TASK DESCRIPTION: Could you restate the data word for word and drop the pictures?
::: AVAILABLE DATA
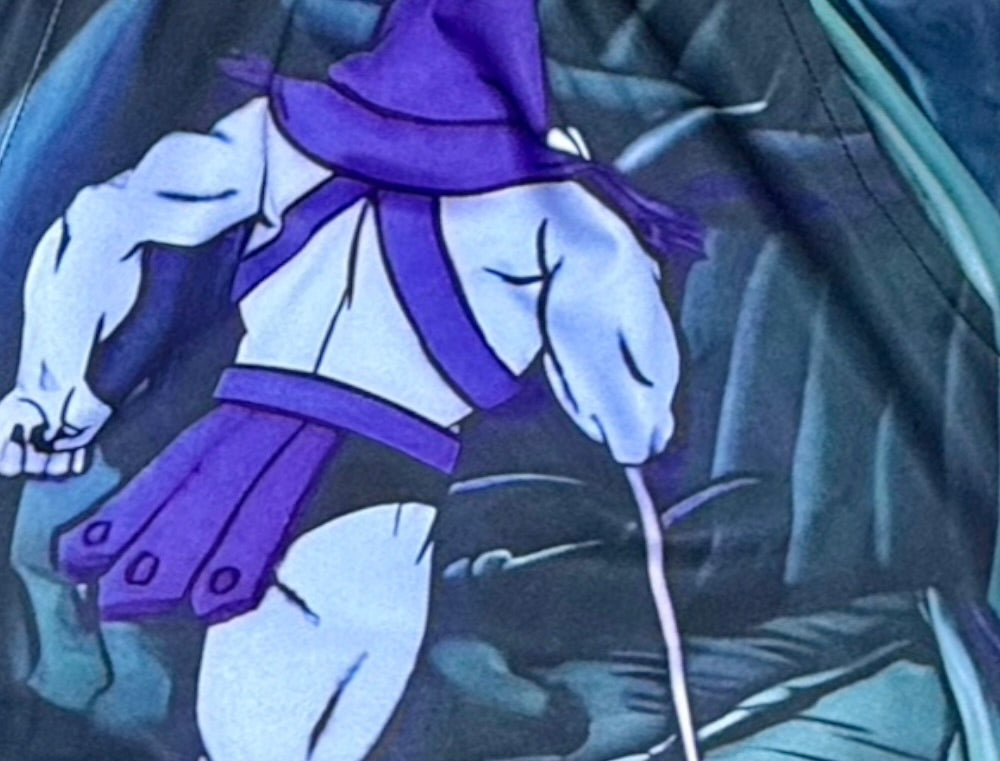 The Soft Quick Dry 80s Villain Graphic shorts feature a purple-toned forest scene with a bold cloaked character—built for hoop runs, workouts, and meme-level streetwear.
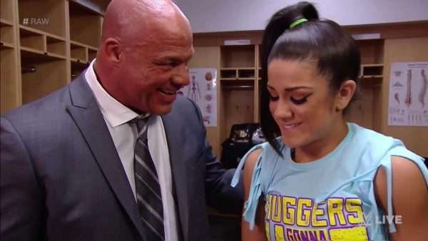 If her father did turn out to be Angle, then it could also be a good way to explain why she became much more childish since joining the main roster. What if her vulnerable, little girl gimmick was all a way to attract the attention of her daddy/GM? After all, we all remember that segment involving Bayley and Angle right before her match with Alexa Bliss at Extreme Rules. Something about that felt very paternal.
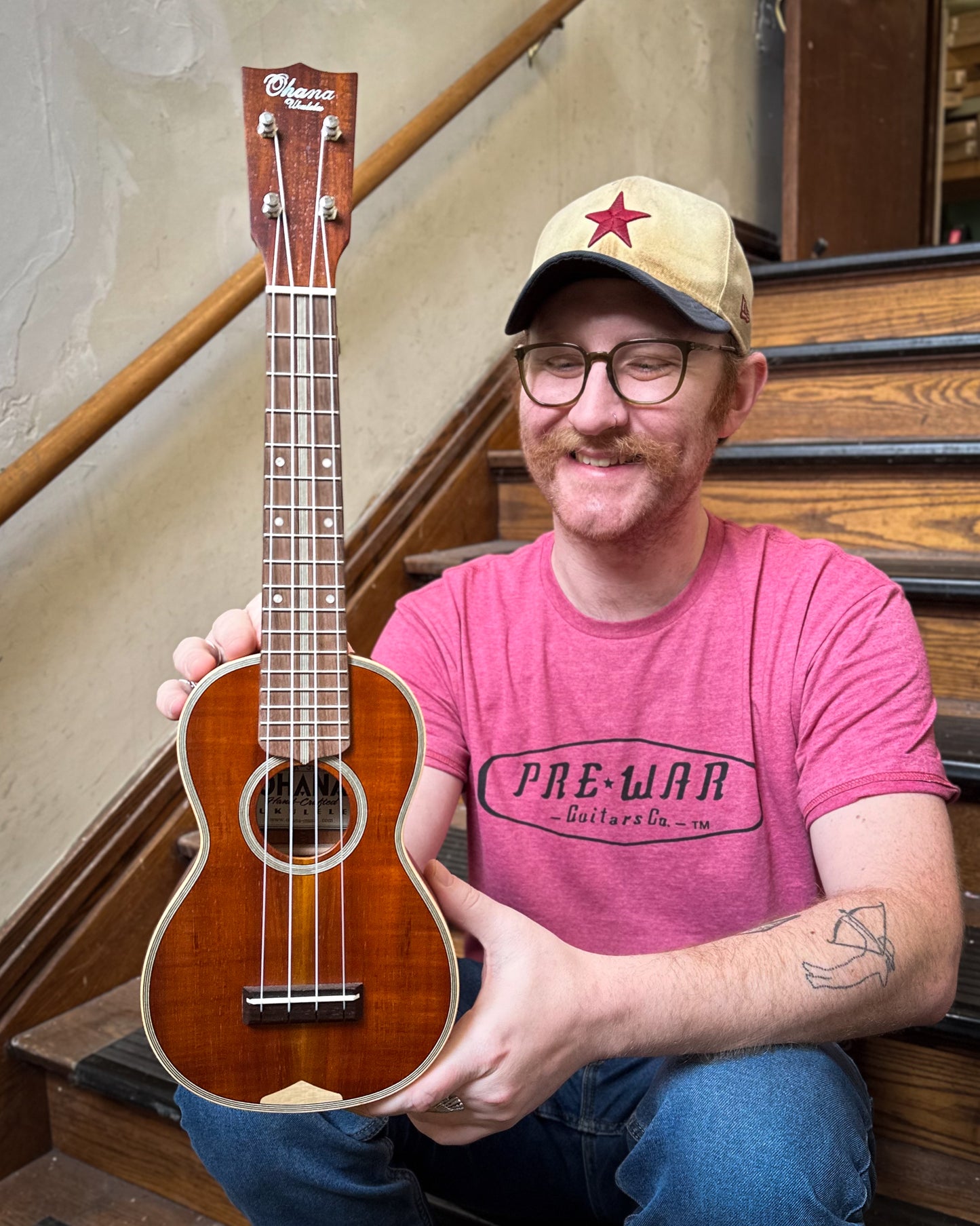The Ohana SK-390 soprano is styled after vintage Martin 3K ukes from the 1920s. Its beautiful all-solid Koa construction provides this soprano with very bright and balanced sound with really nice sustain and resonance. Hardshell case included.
::::::
RESPONSE AREA:
 The Soft Quick Dry 80s Villain Graphic shorts feature a purple-toned forest scene with a bold cloaked character—built for hoop runs, workouts, and meme-level streetwear.
 If her father did turn out to be Angle, then it could also be a good way to explain why she became much more childish since joining the main roster. What if her vulnerable, little girl gimmick was all a way to attract the attention of her daddy/GM? After all, we all remember that segment involving Bayley and Angle right before her match with Alexa Bliss at Extreme Rules. Something about that felt very paternal.
The Ohana SK-390 soprano is styled after vintage Martin 3K ukes from the 1920s. Its beautiful all-solid Koa construction provides this soprano with very bright and balanced sound with really nice sustain and resonance. Hardshell case included.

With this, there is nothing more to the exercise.